Contrary to what the territorial collectivity of Saint-Pierre-et-Miquelon supports, it does not follow from the instruction that by signing on July 18th, 2017 a rider intended to prolong the execution of the contract until January 30th 2017 without any financial compensation for its owner, the parties would have intended to waive the application of the provisions of the CCAG relating to the establishment of a tacit general and definitive counting, mentioned in point 4. However, it follows from the instruction, as well as that it was said in point 5, that the territorial collectivity of Saint-Pierre-et-Miquelon did not notify the company Self Saint-Pierre and Miquelon of general countdown within ten days of the receipt of the draft bill of this society. Thus, a general and definitive account existed as of August 14, 2017, pursuant to the stipulations of GCC Article 13.4.4, even though, the principal contractor sent comments to the company on July 3, 2017 and that the general draft bill of the company did not include the latest monthly draft bill
In those circumstances, the territorial authority can not rely on either the breach of the principle of loyalty in contractual relations or the principle according to which a public person can not be ordered to pay an amount which he must not claim to support the company's claim is seriously questionable.
- It follows from the foregoing that the company Self Saint-Pierre and Miquelon is justified in maintaining, without it being necessary to examine the other pleas of its application for appeal, that it is wrong, by the impugned order of 22 January 2018, the judge of the Administrative Court of Saint-Pierre-et-Miquelon dismissed his request for the conviction of the territorial authority of Saint-Pierre-et-Miquelon to pay him the sum of 247,382 , 87 euros excluding taxes as a provision.

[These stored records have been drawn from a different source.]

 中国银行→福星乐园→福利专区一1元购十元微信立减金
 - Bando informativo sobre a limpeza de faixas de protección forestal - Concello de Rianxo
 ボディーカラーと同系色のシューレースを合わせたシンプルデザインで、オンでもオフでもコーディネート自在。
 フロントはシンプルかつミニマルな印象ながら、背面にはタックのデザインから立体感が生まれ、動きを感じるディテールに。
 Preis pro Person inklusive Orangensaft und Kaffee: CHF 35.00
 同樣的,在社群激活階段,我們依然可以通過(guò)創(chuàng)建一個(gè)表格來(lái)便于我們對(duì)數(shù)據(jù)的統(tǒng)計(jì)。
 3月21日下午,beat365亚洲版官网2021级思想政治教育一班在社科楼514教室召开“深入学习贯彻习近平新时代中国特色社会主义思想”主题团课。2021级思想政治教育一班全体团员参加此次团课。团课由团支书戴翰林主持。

- According to Article 1 of the Decree of 29 March 2013 on combating late payments in public purchase contracts: "The payment period provided for in the first paragraph of Article 37 of the Law of 28 January 2013 referred to above is fixed at thirty (...) ". According to Article 2 (2) of the same decree: "For the payment of the balance of the works contracts subject to the Public Procurement Code, the payment period runs from the date of receipt by the master of the general and definitive statement of accounts drawn up under the conditions laid down in the general conditions of contract applicable to works contracts ". According to Article 7: "Where the sums due to the principal are not paid (...), the creditor is entitled (...) to the payment of the lump sum indemnity for recovery costs (.. .) ". Article 9 provides: "The amount of the fixed compensation for recovery costs is fixed at 40 euros".

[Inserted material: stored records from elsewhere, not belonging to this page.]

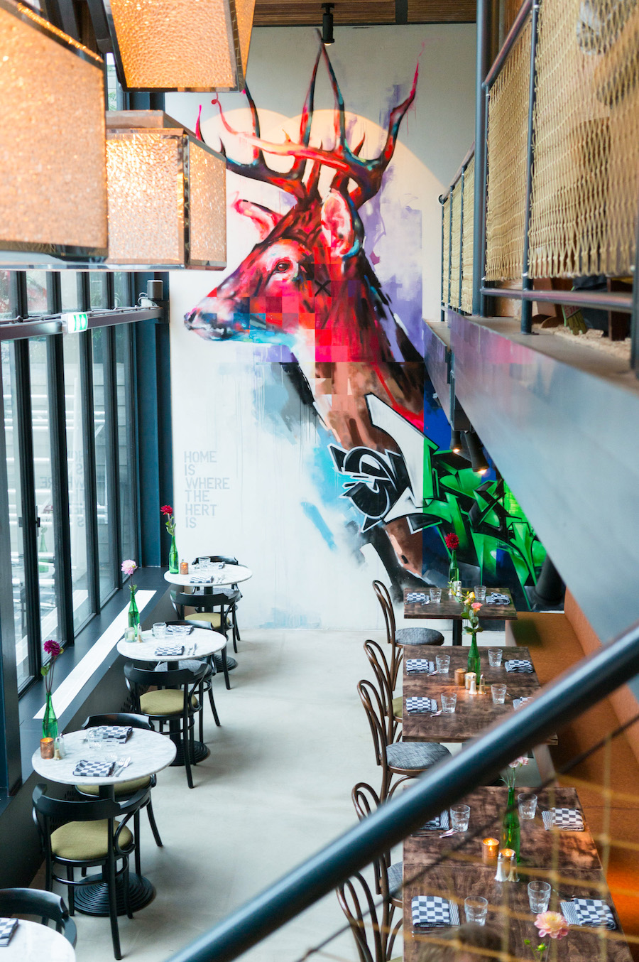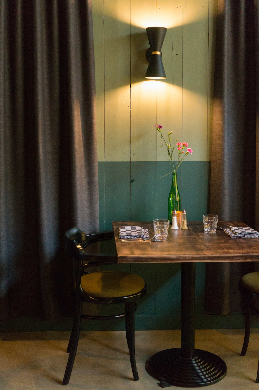 Met Café Cliché wil Sidney een culinaire huiskamer toevoegen aan Amsterdam-Oost. Ze werken zonder reserveringen (behalve bij groepen vanaf 8 personen), omdat dat helemaal past bij de sfeer die ze willen uitstralen. “Dit moet vooral een plek zijn waar je lekker spontaan naartoe gaat”, vertelt Sidney’s vrouw en tevens gastvrouw Geralda ons. Je bent er welkom met je vrienden, je familie en met je kinderen (onder in het restaurant bevindt zich zelfs een aparte kinderhoek).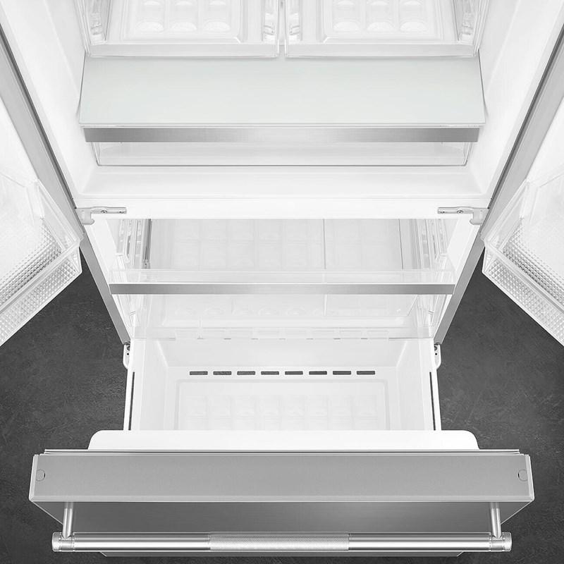 The Smeg French Door Refrigerator offers a sleek, modern design with a 30-inch width and a 16.0 cu. ft. capacity. It includes a convenient ice maker and water dispenser, ensuring you always have fresh ice and water on hand. This refrigerator combines style with functionality, making it a great fit for any contemporary kitchen.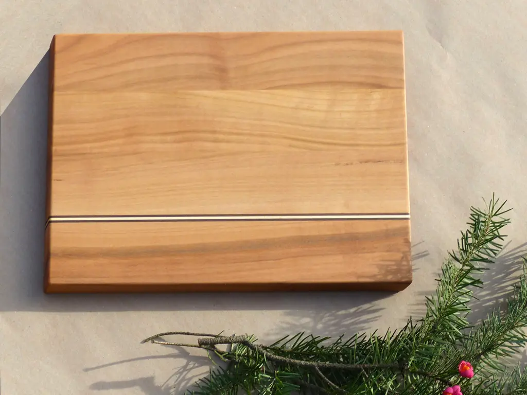 Handgefertigt aus der Holzschreinerei Hohenroth stammt dieses Brett aus robustem Holz - perfekt für deine Brotzeit. Aus nachwachsenden Materialien bestehend (zur Wahl steht dir helles Kirschholz oder warmes Nussbaumholz ) ist dieses Schneidebrett nicht nur nachhaltig, sondern durch seine natürlich antimikrobielle Eigenschaft auch hygienischer. Gleichzeitig schont es auch deine Messer. Optisch gesehen macht das Holz aus Kirsch als auch aus Nussbaum ganz schön was her, denn es bringt eine warme und ansprechende Ästhetik in deine Küche. So ist es nicht nur dein perfektes Küchenutensil, sondern eignet sich ebenso ideal zur ansprechenden Präsentation deines Brots & Aufschnitts.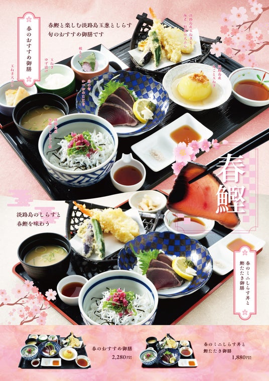 春のミニしらす丼と鰹たたき御膳 1880円春限定メニュー「春のミニしらす丼と鰹たたき御膳」を発売いたします。 淡路島産しらすをたっぷり使用したミニしらす丼は、ふんわりとした食感と上品な旨みが魅力。 香ばしく炙った鰹のたたきと組み合わせることで、春らしい爽やかさと海の恵みを一度に楽しめる御膳に仕上げました。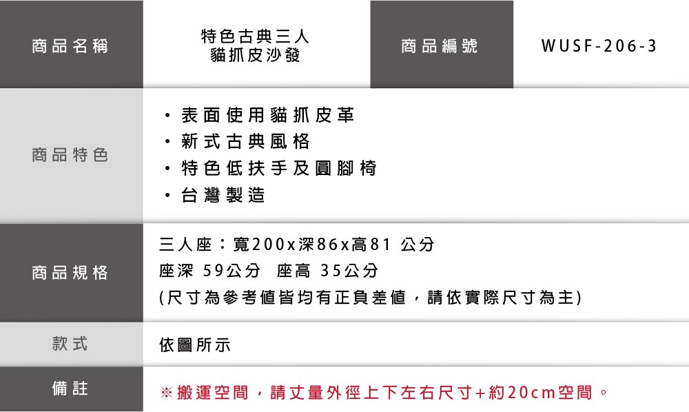 【UHO】新古典貓抓皮三人沙發19粉紅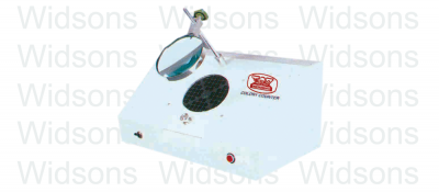 COLONY COUNTER (For Counting Bacterial Colonies): The instrument provides standard illumination and magnification to assure results of the highest accuracy. The colonies and the ruling of the counting plate appear intense and sharply defined. A counting plate with standard wolf huger ruling is fitted with the apparatus. Electrically operated on 220 volts.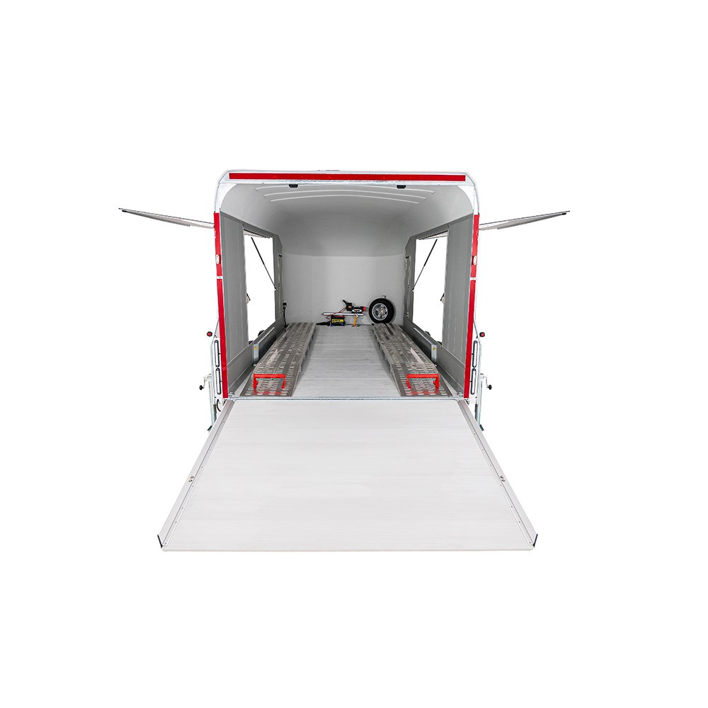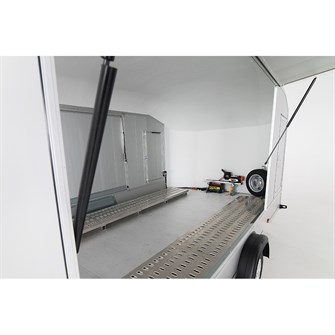 Trailer er udstyret med en praktisk salgsklap i hver side. Derudover har den også en sidedør i hver side, hvilket giver nem adgang og fleksibilitet til både brug og opbevaring.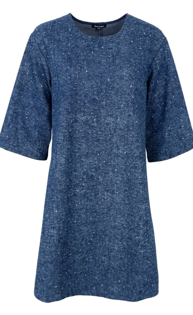 Smuk denim kjole fra Black Colour. Denne kjole går til knæet, og ikke mindst har de smukkeste sten der giver et festligt touch.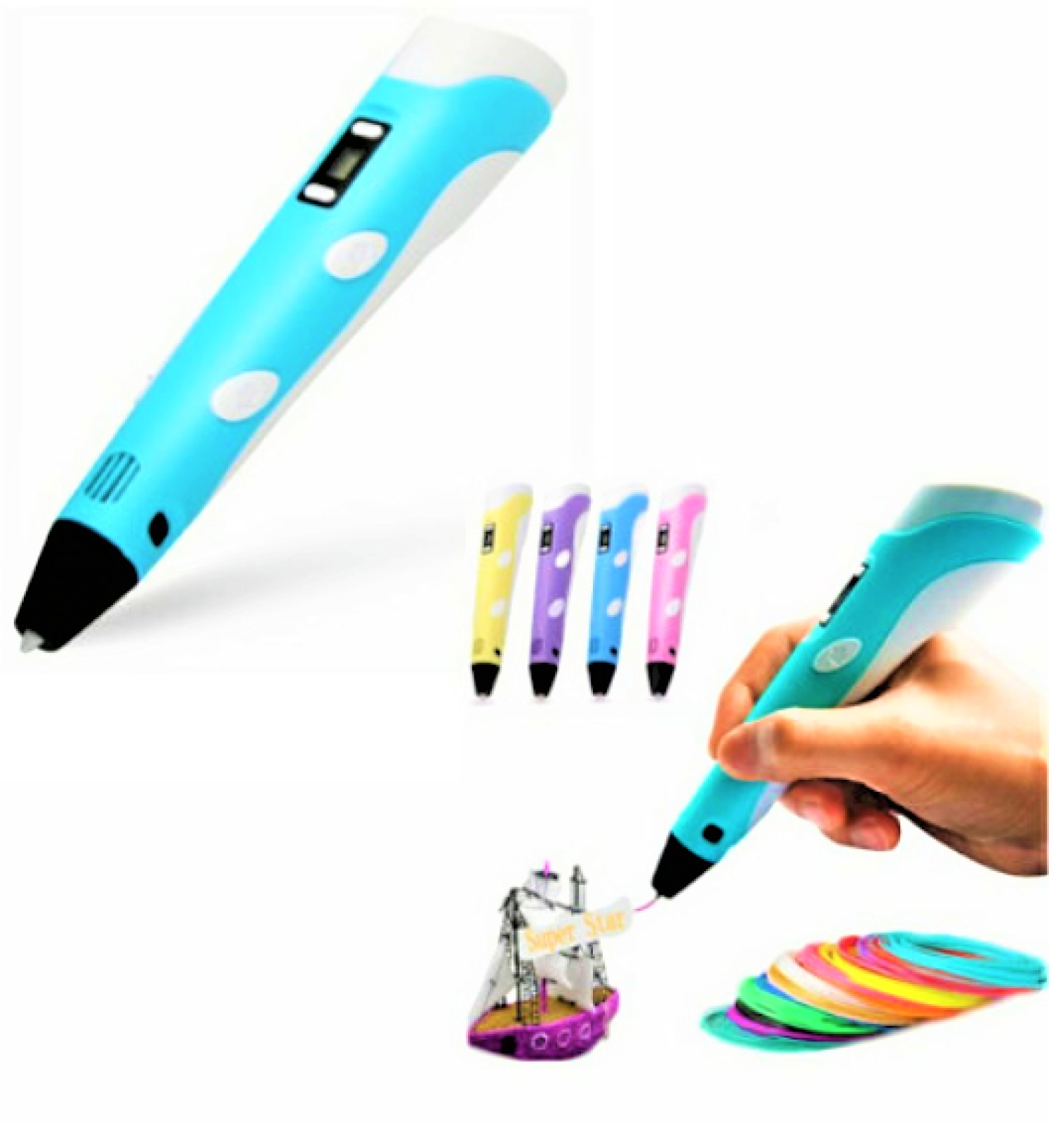 3D ручка с дисплеем, набор PLA пластика, цвет голубой

- Pursuant to these provisions, the local authority of Saint-Pierre-et-Miquelon is ordered to pay to the company Self, as a provision, default interest on the sum of 247,382.87 euros excluding taxes as of September 14, 2017 as well as the sum of 40 euros corresponding to the lump sum indemnity for recovery costs.

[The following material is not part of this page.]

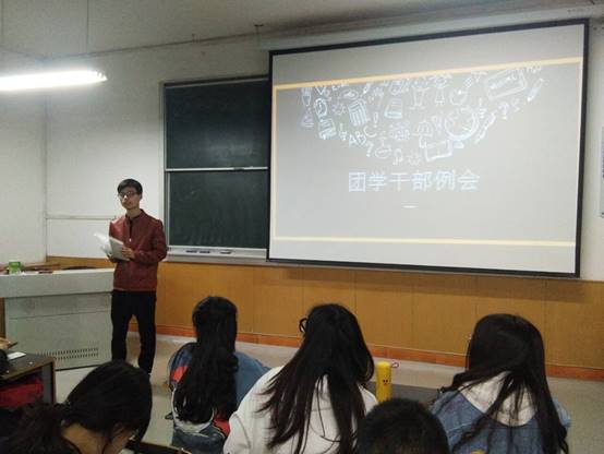 2021年3月16日晚七点整,beat365英国官方网站在南楼307教室召开团学干部工作会议,beat365英国官方网站团总支书记、辅导员张岩和所有团学干部参加了会议,会议由学生会副主席王文科主持。

- It is appropriate, in the circumstances of the case, to charge the territorial authority of Saint-Pierre-et-Miquelon, for the entire procedure, the payment of a sum of 5,000 euros to the company Self Saint-Pierre and Miquelon under Article L. 761-1 code administrative justice. These provisions, however, prevent an amount from being borne by Self Saint-Pierre and Miquelon, which is not the losing party in this case.
Article 1: The order of 2 July 2018 of the judge of the Court of Appeal of the Bordeaux Administrative Court of Appeal and the order of 22 January 2018 of the judge of the Court of Administrative Court of Saint Pierre and Miquelon are annulled.
Article 2: The territorial collectivity of Saint-Pierre-et-Miquelon is condemned to pay Self Saint-Pierre and Miquelon, as a provision, on the one hand, the sum of 247,382.87 euros HT with interests moratoriums from 14 September 2017 and, on the other hand, the sum of 40 euros corresponding to the lump sum recovery indemnity.
Article 3: The local authority of Saint-Pierre-et-Miquelon will pay the sum of 5,000 euros to the company Self Saint-Pierre and Miquelon under article L. 761-1 code administrative justice. The conclusions presented by the local authority in the same way are rejected.
Article 4: This decision will be notified to the company Self Saint-Pierre and Miquelon and the territorial collectivity of Saint-Pierre-et-Miquelon.